Incident energy mitigation techniques seek to reduce the duration of the arc through protection device selection and/or protection technique utilization capable of extinguishing the electric arc as quickly as possible. To do so, adjusting the configuration of protection devices or techniques such as zone selective interlocking (ZSI) and busbar differential protection (87B) may be resorted to. While busbar differential protection is well known but limited to application in medium-and high-voltage equipment due to the cost and space required [38], ZSI emerged as a more economical alternative to differential protection and has been applied in power distribution systems for decades [39].
In power distribution grids, fuses are generally used as protective devices thanks to their high fault-current-interrupting capabilities and current-limiting features [40]. For example, in overhead distribution grids, it is typical for the protection device closest to the fault occurrence point to be a set of fuses installed on the medium-voltage side of the distribution transformers; using the fuse in this position implies a longer arc duration on the low-voltage side, contributing to higher incident energy levels at these points. On the other hand, in underground distribution grids and power distribution substations, where most of the installation is inside panels, other protective devices are installed, such as circuit breakers and relays.

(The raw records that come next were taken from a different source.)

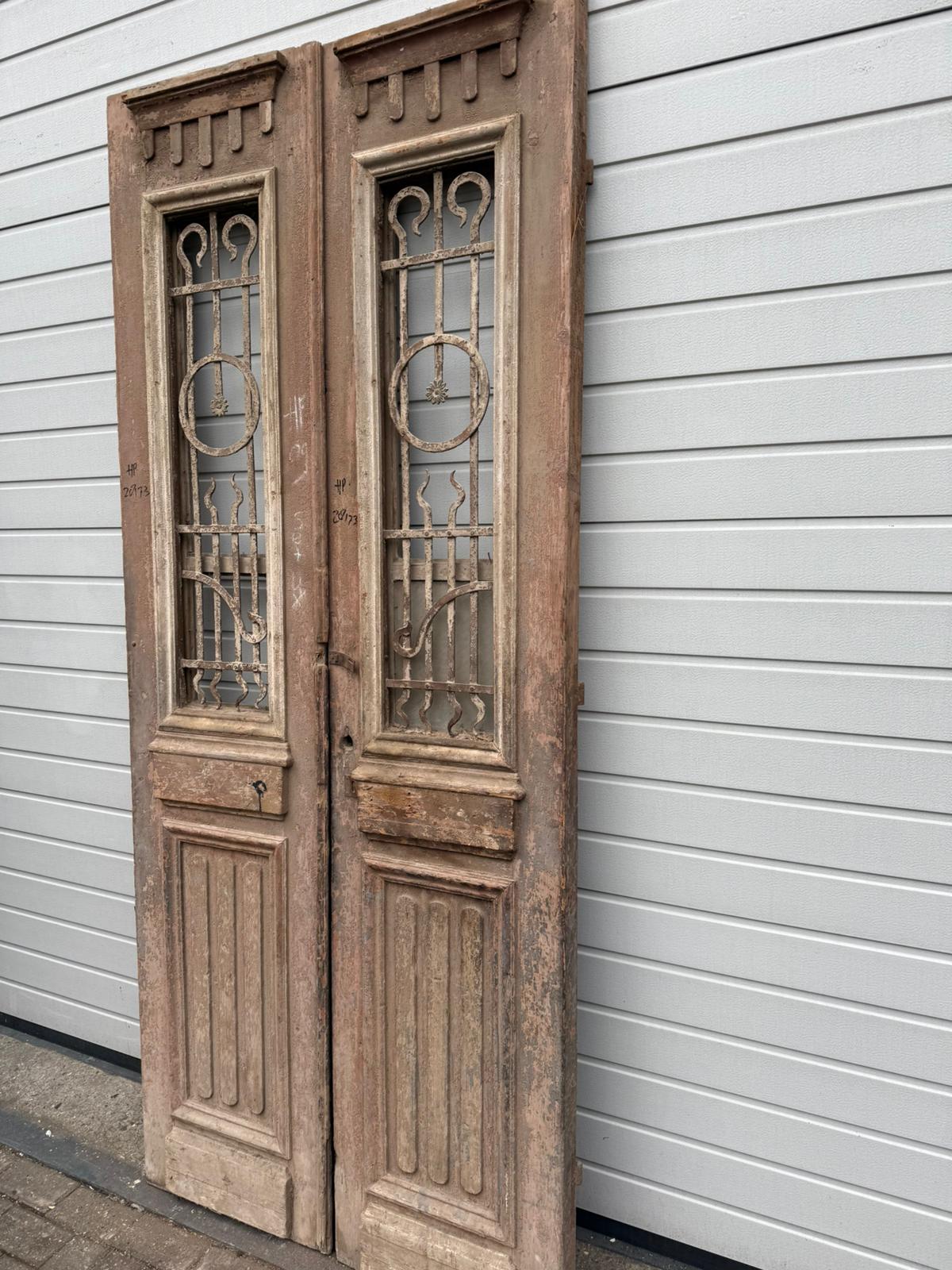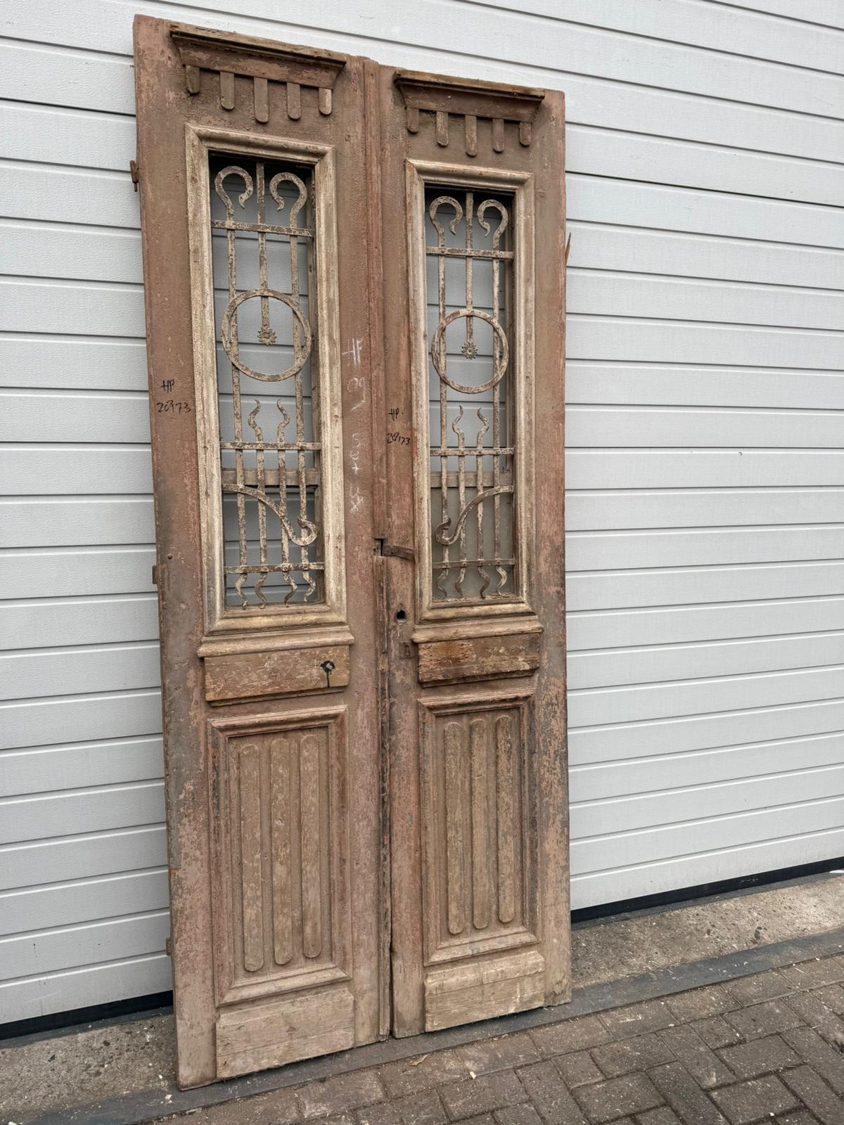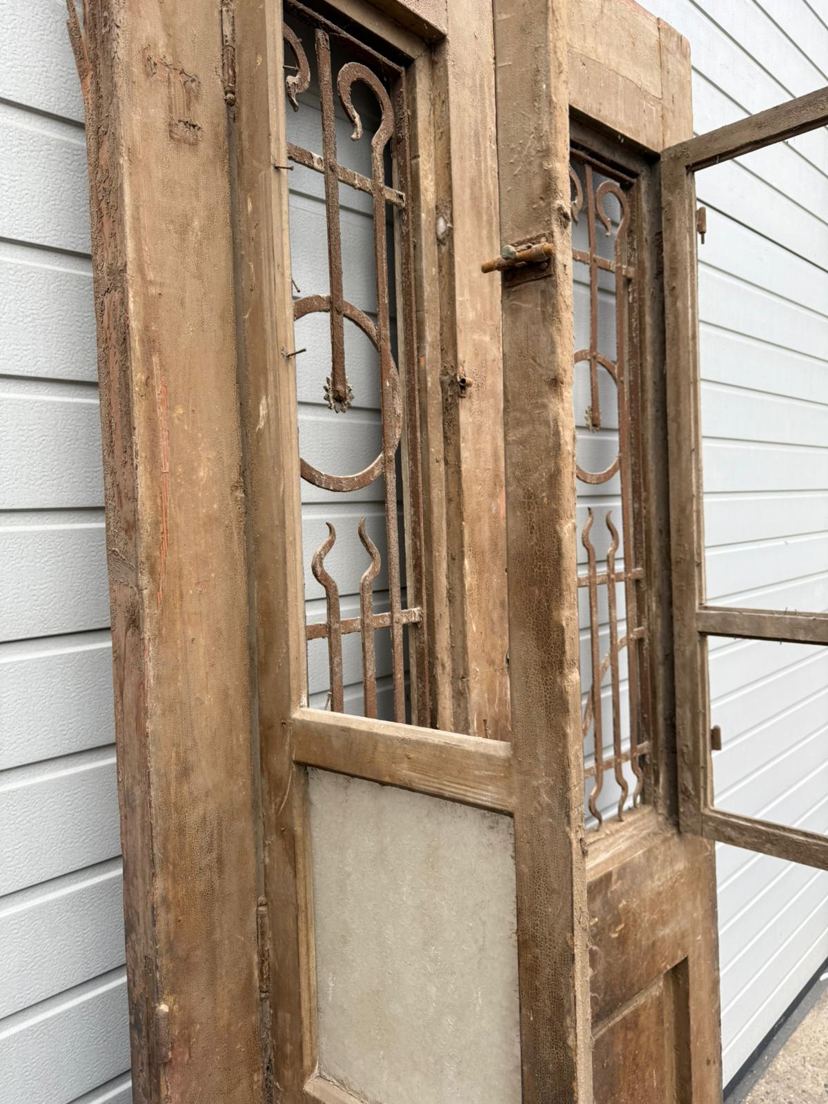Rarität: Antike Doppelflügeltür um 1880 – Originalzustand mit Gusseisen-Gittern
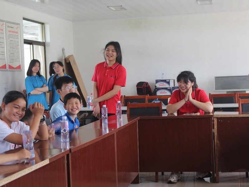 7月4日上午,實踐團來到實地普通話推廣重要一站——無為市劉渡鎮農林村。農林村村中總人口3000余人,常住人口1000余人,村內居民主要以老人以及留守兒童為主。活動開展前,村支書和駐村工作隊談到,兒童是農林村的未來,提高幼兒普通話水平是創建美好未來的首要一步,因此,普通話推廣工作極其重要。隨后,團隊隊員通過開展“有趣的卡片游戲”“中國故事會”等游戲活動寓教于樂,激發孩子們對普通話學習的興趣,孩子們沉浸游戲中,歡聲笑語,氣氛熱烈。在游戲過程中,團隊成員不時糾正孩子們的發音,解決孩子們在說普通話時遇到的問題,引導孩子們正確的講普通話。游戲結束后,孩子們通過自己的努力均獲得了小禮物,提高了說普通話的意識。
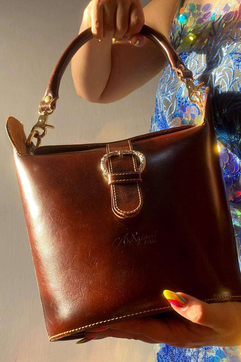 Borsa Tolfa unisex Marrone cuciture a mano con tracolla regolabile

In this case, these devices could be installed on the medium- and/or low-voltage sides, contributing to a quick arc extinguishment.
While reducing the duration of the electric arc is a more complex process since this requires the repeating the entire protection study of the installation and, if its applicability is verified, change the parameterization of protection devices and/or change the existing (slower) devices with faster devices, the working distance can be increased using devices such as maneuver sticks and barriers between the worker and the intervention point, as well as the use of remote racking devices.
Finally, it is relevant to clarify that, of all the data used as simulation inputs in the previously presented case studies, only the protection actuation time and the working distance are variables that can be changed when the system is already in operation to reduce incident energy levels.

5. Conclusions

The primary objective of estimating incident energy levels throughout a system, regardless of the type of installation (residential, commercial, or industrial, and distribution, transmission, or generation of electricity), is to ensure the safety of those who interact with it, especially the workers responsible for keeping these systems working and serving other people in society with the amenities offered by access to electricity.
The concern for ensuring safety in work activities involving electricity goes hand in hand with the proposition of methods for estimating incident energy, a combination about 40 years old, born from the publication of Lee’s work in 1982. Since then, many ways to quantify the thermal energy released by an electric arc have been proposed and will continue to be, because improving workplace safety is an ongoing challenge faced by all organizations, including power utilities [41].
This article reviews the most relevant incident energy estimation methods in terms of applicability and scientific literature. All the methods discussed are recommended for arc flash risk assessments by various safety codes and standards. The applicability and limitations of each of the methods were also discussed, with the aim of assisting the reader in selecting suitable estimation methods. Five case studies were proposed simulating electric arc events in overhead and underground power distribution grids based on the review of these methods. These case studies aimed to select an adequate estimation method, obtain the expected incident energy level, and determine the need and select, when applicable, clothing and PPE dedicated to protection against the thermal effects of the electric arc. Finally, this study compared and discussed the results found in terms of the interaction of each of the aspects of the electric arc scenario impacting the level of incident energy and ways to reduce exposure to this energy when necessary.
The discussions presented in this article and in all the works cited herein must be continued in order to support the continuous search for engineering solutions that guarantee safe working environments and the protection of electrical energy supply facilities. Even with all this awareness built daily, the risks continue to exist and, therefore, safe work practices must be employed without exception. This includes reinforcing the importance of PPE, which, despite any inconvenience or interference with work, must be acknowledged and discussed in open dialog between employees and trainers or management [42].

Author Contributions

Conceptualization, M.C.; methodology, M.C. and D.P.B.; software, M.C.; validation, D.P.B., T.B.M., V.C.B., F.C.P., G.J.G.d.S. and L.M.d.C.; formal analysis, M.C.; investigation, M.C.; resources, M.C.; data curation, M.C.; writing—original draft preparation, M.C.; writing—review and editing, M.C., V.C.B. and L.M.d.C.; visualization, D.P.B., T.B.M., V.C.B., F.C.P., G.J.G.d.S., L.M.d.C. and M.W.; supervision, D.P.B. and T.B.M.; project administration, D.P.B. and L.M.d.C.; funding acquisition, D.P.B. and M.W. All authors have read and agreed to the published version of the manuscript.

Funding

This research was financed by CPFL Energia through the project “Metodologia e Ferramenta Computacional para Avaliação e Modelagem das Condições de Arco Elétrico em Sistemas Elétricos de Potência no Contexto Brasileiro”, developed under the ANEEL R&D Program PD-00063-3069/2020. It was also partially financed by the Coordenação de Aperfeiçoamento de Pessoal de Nível Superior—Brazil (CAPES/PrInt)—Financing Code 001.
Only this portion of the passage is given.